Subject: File No. 265-28
From: John Chevedden

April 8, 2013

March 11, 2013

Office of Chief Counsel
Division of Corporation Finance
Securities and Exchange Commission
100 F Street, NE
Washington, DC 20549

# 2 FirstEnergy Corp. (FE)
Preliminary Proxy Deficiency
Fraudulent Proposal

Ladies and Gentlemen:

Proposal 4, simple majority vote, is de facto an advisory proposal. A company proposal that requires an 80% vote that is accompanied with arguments for both sides of an issue is de facto an advisory proposal. It has no hope of obtaining 80% of the total voting power. The company proposal equivocates (emphasis added):

Your Board and Corporate Governance Committee have evaluated the Companys voting requirements on numerous occasions and have consistently concluded that extraordinary transactions and fundamental changes to corporate governance should have the support of a broad consensus of the Companys shareholders rather than just a simple majority. Additionally, supermajority vote requirements protect shareholders against the potentially self-interested actions of short-term investors or a small group of investors who have a large holding.

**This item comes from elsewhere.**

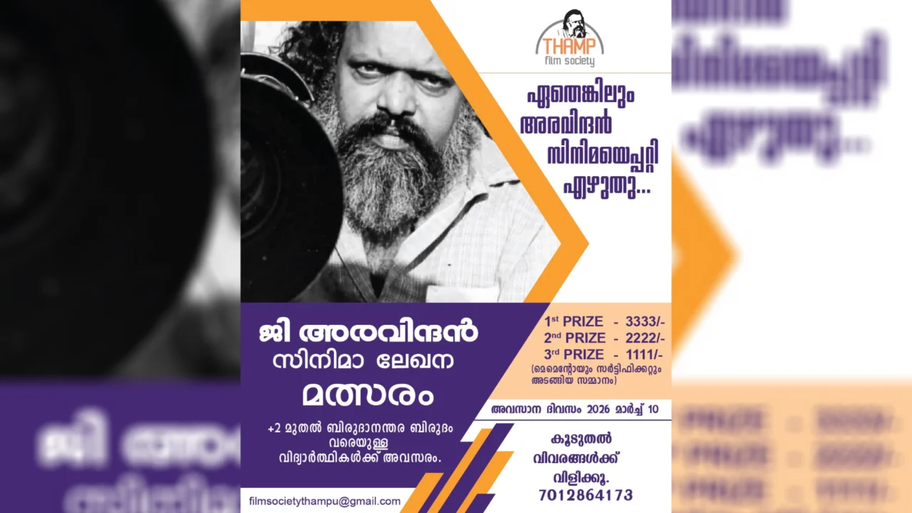 കോട്ടയം: തമ്പ് ഫിലിം സൊസൈറ്റിയുടെ ആഭിമുഖ്യത്തിൽ പ്രശസ്ത സംവിധായകൻ ജി. അരവിന്ദൻ്റെ സ്മൃതി ദിനത്തിനോട് അനുബന്ധിച്ച് ലേഖന രചനാ മത്സരം സംഘടിപ്പിക്കുന്നു.

The company proxy should also disclose why it is wasting shareholder money by including proposal 4.

As an analogy the company 2012 proposal 3 only received 46% of the voting power and it did not have one word arguing for a no-vote.

This is to request that the Staff require the company to refrain from publishing its fraudulent advisory proposal.

Sincerely,

John Chevedden

cc: Ray T. Chevedden
Ronda Ferguson [email address redacted]

No response from FirstEnergy after one month.